7.1. Financial measures in favour of SMI
(26) The following financial measures were undertaken in favour of SMI:
- Grants totalling DEM 64,8 million from the THA
According to the German authorities, these measures, which were undertaken in 1993 and 1995, were based on the second and third THA regimes (11). However, in the Commission's view, they were not covered by those regimes.
The THA regimes applied only to loans and guarantees and not to grants, except in case of privatisations. However, in the case of SMI, the grants were part of a transaction whereby the THA sold only 49 % of the shares of SMI to SSC. As a result, the THA remained the majority shareholder in SMI. According to the German authorities, the company was at the time "privatised" via the sale to the private investor SSC. They argued that the THA regimes did not provide any indication whether it was a condition that the majority of a firm's shares had to be transferred from a public to a private body in order for this to be regarded as a privatisation. They also claimed that, under Article 295, the EC Treaty was without prejudice to the system of property ownership in the Member States. Consequently, in their view, a public owner could also be an investor, with the result that grants could be made. Accordingly, the abovementioned transaction could also be regarded as a privatisation within the meaning of the guidelines. Grants were therefore permitted.

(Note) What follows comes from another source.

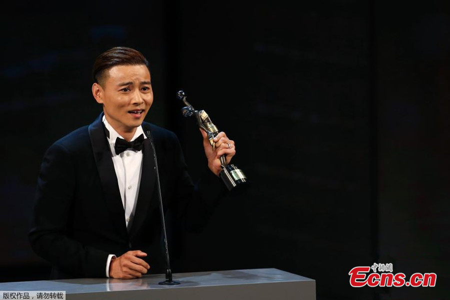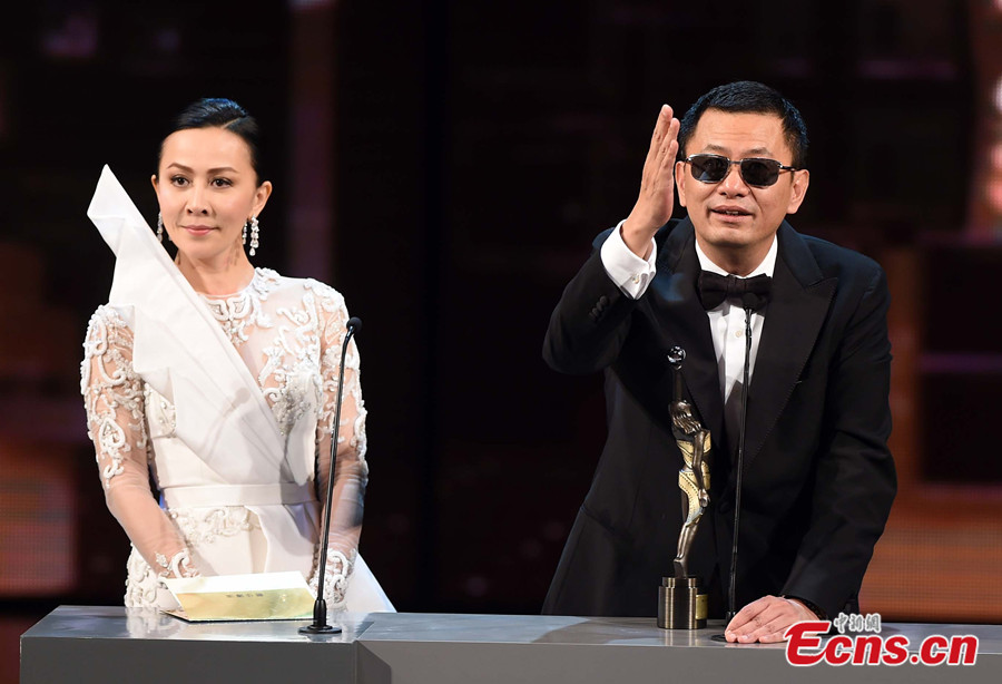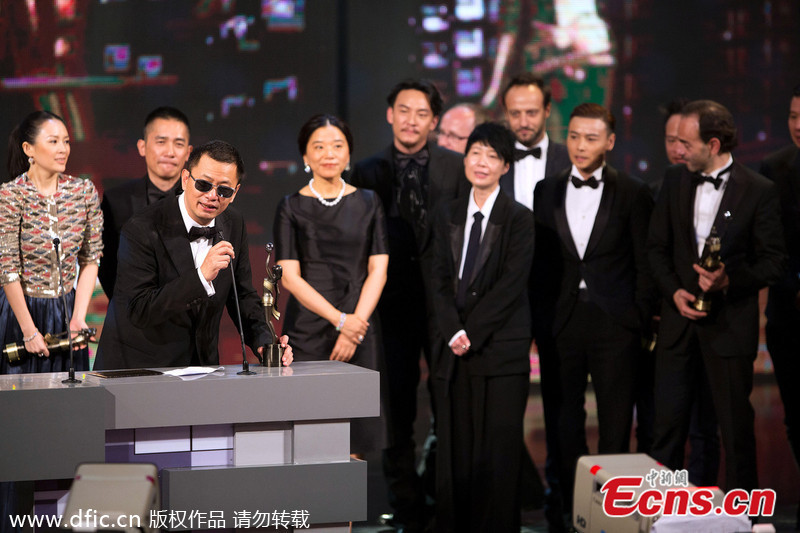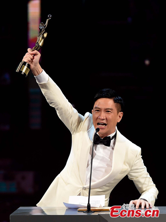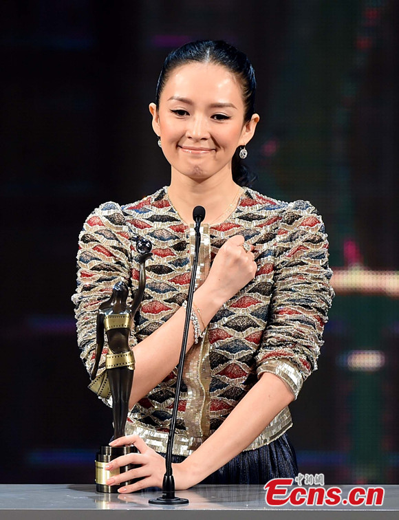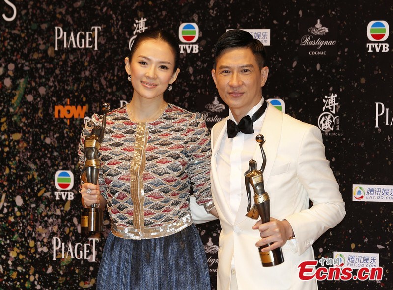 Zhang Ziyi (L) and Nick Cheung pose for photos at the 33rd Hong Kong Film Awards on April 13, 2014. Zhang wins the Best Actress for her performance at The Grandmaster and Cheung wins the Best Actor for Unbeatable. [Photo/IC]

In the Commission's view, this contract within the meaning of the THA regimes cannot be regarded as a "privatisation".
Under those regimes, grants were authorised in the case of privatisation precisely because of THA's unique and unprecedented task, namely the transformation of a planned State economy into a market economy (12). Nevertheless, such aid can attain its objective only if publicly owned enterprises are sold and control of them transferred to private investors. Under these circumstances, the principle set out in Article 295, according to which the Treaty must in no way prejudice the rules in Member States governing the system of property ownership, does not imply that any sale of shares in a public enterprise is to be regarded as a privatisation. In the present case, a public body retained a majority holding in the firm and full control over its activities, while private shareholders had only a minority holding.
Therefore, the total amount of DEM 64,8 million granted as aid cannot be deemed to be covered by the second and third THA regimes.

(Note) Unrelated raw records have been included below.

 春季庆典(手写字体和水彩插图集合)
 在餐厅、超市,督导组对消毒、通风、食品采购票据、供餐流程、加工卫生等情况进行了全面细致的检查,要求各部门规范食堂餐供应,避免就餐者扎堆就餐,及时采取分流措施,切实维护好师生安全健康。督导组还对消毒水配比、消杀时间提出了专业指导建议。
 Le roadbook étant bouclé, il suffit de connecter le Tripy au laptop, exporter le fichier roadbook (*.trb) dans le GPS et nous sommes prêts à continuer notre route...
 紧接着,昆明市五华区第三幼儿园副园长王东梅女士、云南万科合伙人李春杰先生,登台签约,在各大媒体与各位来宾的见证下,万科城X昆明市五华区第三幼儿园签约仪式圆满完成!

The financial measures in question cannot, therefore, be considered to be covered by an approved scheme and need to be assessed individually within the framework of the present procedure. The THA held 51 % of SMI's shares when it made the grants, but it did not increase its holding as a result and no similar contribution was made by the other shareholders. The Commission considers that no private investor would have invested such an amount under these circumstances. Therefore, the grants constitute State aid within the meaning of Article 87 (1) of the EC Treaty. Moreover, these measures should also have been notified in advance to the Commission on an ad hoc basis pursuant to Article 88 (3) of the EC Treaty. The German authorities did not comply with this notification requirement since the THA grants were made without the Commission's prior approval. Consequently, the aid was granted illegally.
- Loans of DEM 70,3 million from the Land of Brandenburg to SMI
The German authorities argued that these loans were granted on normal market conditions. However, when they were granted, SMI was a firm in difficulty, with substantial losses and mounting debt. The Commission assumes that, under these circumstances, no private lender would have granted such loans. It should also be noted that, in spite of the injunctions addressed to them, the German authorities failed to provide substantial evidence that the Land of Brandenburg behaved like a private lender. Therefore, the Commission concludes that the loans also constitute State aid within the meaning of Article 87 (1) of the EC Treaty. The aid has been authorised by the Land Ministry of Finance but was not notified to, or approved by, the Commission. Neither it was based on an aid scheme previously approved by the Commission. Consequently, pursuant to Article 88 (3) of the EC Treaty, it too should have been notified. By not notifying the aid, Germany has failed to comply with this requirement. Consequently, this aid was also granted illegally.
7.2. Financial measures in favour of SIMI
(27) The following financial measures were undertaken in favour of SIMI:
- DEM 4 million loan from the Land of Brandenburg to the newly created SIMI
The loan was based on an authorisation by the Land Ministry of Finance in 1997. It also ranks as aid within the meaning of Article 87 (1) of the EC Treaty because no private bank or private investor would have provided financing to a firm in difficulty that had no capital or assets of its own without appropriate guarantees.
- DEM 1 million loss compensation granted by the BvS for the twelve-month period until June 1998
Since the BvS did not receive consideration for its grant, this measure must also be considered as State aid within the meaning of Article 87 (1) of the EC Treaty.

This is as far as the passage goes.